President Nicolas Sarkozy said France will join the U.K. in program introducing taxing on bonuses .

We can only tax them if we tax them both sides of the Channel,” Sarkozy said in Brussels today. “In the decision that Gordon and I are taking together, we want and we wait for others to do the same, because we are in a globalized world.” He said “I see many declarations of heads of states joining us.” Sarkozy didn’t give any details on the French plan.

France and Britain are the first nations since the beginning of the financial crisis to target bonuses with a tax. German Chancellor Angela Merkel is unlikely to follow. Deutsche Bank AG Chief Executive Officer Josef Ackermann said yesterday banks there will exercise self-restraint on pay.
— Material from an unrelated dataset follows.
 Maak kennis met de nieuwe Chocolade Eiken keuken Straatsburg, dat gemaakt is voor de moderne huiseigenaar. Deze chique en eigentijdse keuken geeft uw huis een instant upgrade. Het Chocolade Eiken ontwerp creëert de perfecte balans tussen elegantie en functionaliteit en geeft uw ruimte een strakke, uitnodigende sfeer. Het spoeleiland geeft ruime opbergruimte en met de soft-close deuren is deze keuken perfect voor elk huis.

Chancellor of the Exchequer Alistair Darling said Dec. 9 all banks in the U.K. awarding discretionary bonuses of more than 25,000 pounds ($40,000) between now and April must pay a levy of 50 percent. France will enact a tax next year on 2009 banker bonuses, Sarkozy said. The levy will apply to bonuses exceeding 27,000 euros ($40,000), two officials said yesterday , Bloomberg reports .

It was also reported, a tax on banking could be used to pay for combating climate change under plans pushed by Gordon Brown and Nicolas Sarkozy today as Britain almost doubled the cash it put up for short-term funding to help developing countries to go green.

The Treasury found £1.5 billion in so-called fast-track funding from 2010 to 2012 for clean fuel projects and to stop deforestation in developing countries, the Prime Minister said after an EU summit in Brussels.

This was a big increase on Britain's initial offer of £800 million for a voluntary international fund to help encourage progress in climate talks at Copenhagen but Mr Brown suggested that there would be no extra call on taxpayers because the money was already budgeted for.

It means Britain is offering the largest EU contribution to the fund, followed by France and Germany on €1.26 billion each over the three years.

Mr Brown and Mr Sarkozy held a rare joint press conference designed to show that they had put recent differences over EU appointments behind them and called for the International Monetary Fund to research the use of a banking tax as well as aviation and shipping fuel tax to fund longer term climate measures, Times Online reports.

In an effort to play down any discord, French officials this week described the relationship between Brown and Sarkozy as excellent.

"If there are two heads of state or government who are exactly aligned, it's Gordon Brown and Nicolas Sarkozy, perhaps even more in accord than Sarkozy and (German Chancellor) Angela Merkel," one official said. "All this chit-chat about the City is nonsense."

Instead, Sarkozy and Brown have found common ground in a desire to impose special taxes on large banking bonuses.

"They are both completely aligned on the importance of that sort of scheme to ensure that going forward we don't repeat the same mistakes of the past," Brown's spokesman said, The New York Times reports.